Judge: Curtis A. Kin, Case: 24TRCP00102, Date: 2025-03-11 Tentative Ruling

Case Number: 24TRCP00102    Hearing Date: March 11, 2025    Dept: 86

MOTION TO REMOVE AND REPLACE

DEPUTY ATTORNEY GENERAL

WITH PRIVATE SECTOR ATTORNEY

 

Date:               3/11/25 (1:30 PM)

Case:                           Barbara Friedman v. Margaret Boyd, Chief ALJ for Director of CDSS et al. (24TRCP00102)

  

TENTATIVE RULING:

 

Petitioner Barbara Friedman’s Motion for an Order to Remove and Replace Deputy Attorney General Katherine Sims with a Private Sector Attorney is DENIED.

 

Petitioner seeks to replace Katherine Sims, the Deputy Attorney General (“DAG”) representing respondents Department of Social Services (“DSS”) and Margaret Boyd, Chief ALJ for Director of CDSS, with an attorney from the private sector. Petitioner argues that respondents are at an “unethical and unfair advantage” because they can draw from an “endless source of tax payer money” to defend against the writ petition. (Mtn. at 3.)

 

Petitioner essentially seeks to disqualify DAG Sims from the case.

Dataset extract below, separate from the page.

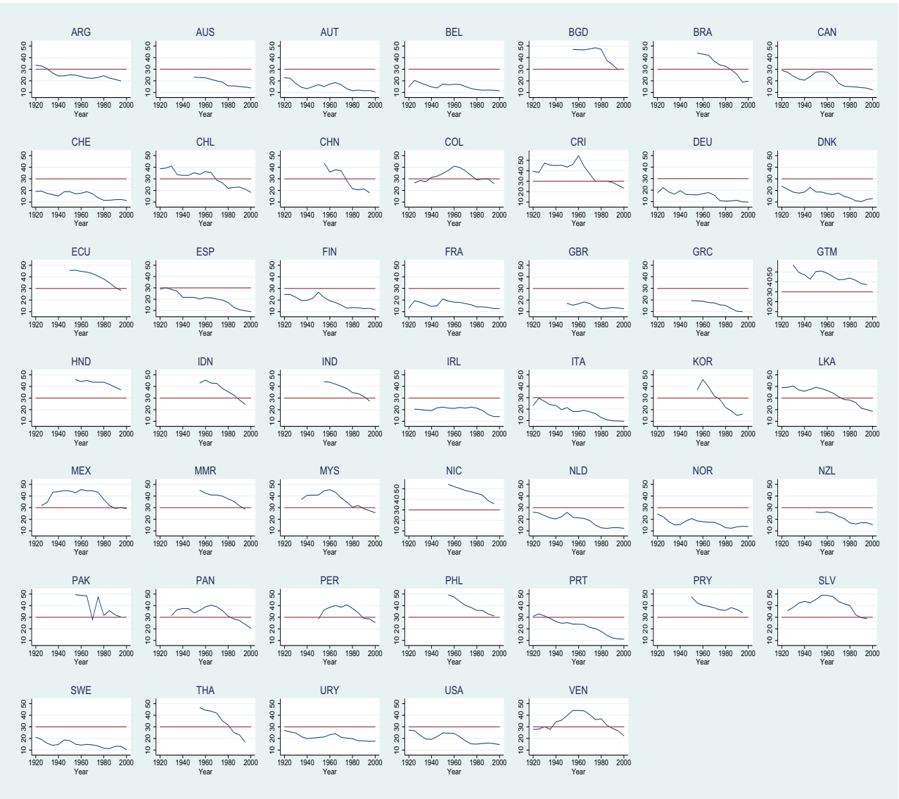
Figure 10: Demographic Transition: Crude Birth Rates

1 2 3 4 5 6 7 8 9 10 11 12 13 14 15 16 17 18 19 20 21 22 23 24 25 26 27 28 29 30 31 32 33 34 35 36 37 38 39 40 41 42 43 44 45 46 47 48 49 50 51 52 53 54 55 56 57 58 59 60 61 62 63 64 65

Petitioner is not a client of the California Attorney General’s Office (“AG”). A non-client may move to disqualify opposing counsel, but the non-client must satisfy “stringent standing requirements,” meaning “harm arising from a legally cognizable interest which is concrete and particularized, not hypothetical.” (Great Lakes Construction, Inc. v. Burman (2010) 186 Cal.App.4th 1347, 1358.) “[I]imposing a standing requirement for attorney disqualification motions protects against the strategic exploitation of the rules of ethics and guards against improper use of disqualification as a litigation tactic.” (Ibid.)

 

Petitioner here does not demonstrate any concrete or particularized harm arising from a legally cognizable interest. Petitioner contends that the AG has an unlimited amount of money from taxpayers to defend respondents. This is speculative. Also speculative is petitioner’s contention that this Court would somehow demonstrate favoritism toward the AG. In cases where the Attorney General’s Office represents a state agency, the agency wins or loses based on the merits of the particular case. Petitioner thus fails to demonstrate any concrete harm that would result if DAG Sims continues representing DSS. Indeed, petitioner concedes in the writ petition that the “extreme disadvantage” she purportedly faces due to the AG’s representation of DSS may be “real or imagined.” (Mtn. at 2.)

 

Petitioner argues that it is somehow unethical for the AG to represent DSS, a state agency. However, the Attorney General is required by statute to represent DSS. (Gov. Code § 11042(a) [“No state agency shall…contract with outside counsel for any purpose, unless the agency has first obtained the written consent of the Attorney General pursuant to Section 11040”].)

 

The AG may employ special counsel, but so doing is permissible under conditions set forth in Government Code § 19130(b)(3), (b)(5), or (b)(7)-(b)(10). (Gov. Code § 12520(b).) However, petitioner does not demonstrate that any of the cited subdivisions apply here. Subdivision (b)(3) allows employment of special counsel when the AG cannot perform the services at issue, i.e., legal representation, satisfactorily. Subdivision (b)(5) and (b)(7) applies when employment of special counsel is required to protect against a conflict of interest or, in the case of subdivision (b)(5), ensure independent and unbiased findings. Subdivision (b)(8) applies when the special counsel will provide support services in a location where the state cannot feasibly provide such services. Subdivision (b)(9) pertains to training courses. Subdivision (b)(10) applies when the required legal representation is of such an urgent, temporary, or occasional nature that the purpose of the representation would be frustrated by the delay under civil service.

 

Because petitioner does not show concrete harm from the AG’s representation of DSS or that the AG is subject to disqualification under statute, the motion is DENIED.